Vee later invites Nora to a local amusement park, Delphic, in an attempt to set her up with Elliot, a boy who has expressed an attraction to Nora. The trip turns awkward when the group runs into Patch, who makes Elliot jealous. Nora confronts Patch and he persuades Nora to meet him in front of the newly reformed roller coaster, the Archangel. Nora later makes an excuse to find something to eat and sets off to find Patch.

After she finds Patch, he manages to persuade her to ride the Archangel. The ride turns into a disaster after Nora falls from the roller coaster, only to realize it was her imagination. The incident leaves her shaken up. When Nora is unable to locate Vee and the others at the amusement park, she is left with no option but to allow Patch to drive her home. Once home, Patch offers to make tacos.  Nora becomes suspicious and worried as the knife he uses changes sizes. The two nearly kiss but are interrupted by her mom calling in an attempt to check on Nora.

Nora becomes increasingly more connected with Patch and begins to change her opinion of him, especially after meeting his closest and only friend Rixon. Meanwhile, she also begins to grow more curious and suspicious of Elliot after discovering his involvement in a murder case in his last school.

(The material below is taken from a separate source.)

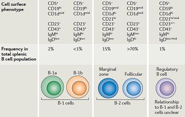 圖二:B cell的分類。細菌或病毒感染時,B1a cell產生的Natural antibody是第一道防線,B1b cell是第二道防線,Marginal zone B cell是第三道防線,過了這三道防線,感染擴大,就必須啟動T cell immunity活化Follicular B cell。Regulatory B cell(Breg)的主要功能是抑制自體抗體產生。

Nora becomes extremely afraid after a bag lady is murdered in front of her. She'd given the woman her coat and hat in exchange for directions. She calls Patch for a ride home due to the rain and her fear, but his Jeep breaks down partway through and the pair are forced to take shelter in a shabby motel. While in the room, Nora finds that Patch has an upside down V on his back, which she earlier thought was her imagination during a play fight between Rixon and Patch at Bo's Arcade. Fascinated by it, she manages to touch the scar and is pulled into his memories of his past. This prompts Patch to demand to know what she had seen, and Nora to demand answers about what she has seen. This leads to the revelation that Patch is actually a fallen angel from Heaven who was trying to kill her, and in doing so, gain a human body. Her death would kill his Nephilim vassal Chauncey Langeais and make Patch completely human. She also discovers that Patch has an ex-girlfriend named Dabria, who is also Nora's new counselor at school, an angel of death who wants Patch to save Nora's life so he can become a guardian angel and so he can get back together with her. Patch had initially discarded Dabria's idea out of a desire to become human, but the plan failed because he had fallen in love with Nora.

It is soon revealed that her friend Jules is actually Chauncey, who wants revenge on Patch for tricking him into swearing an oath that will allow Patch to take over his body during the Jewish month of Cheshvan. After leaving the motel and going home, Dabria breaks into Nora's room and says that she wants to kill Nora in order to prevent Patch from doing so and becoming human. Nora is narrowly saved by Patch, who goes after Dabria and strips her of her wings in vengeance, already knowing the archangels would have done the same for trying to kill Nora.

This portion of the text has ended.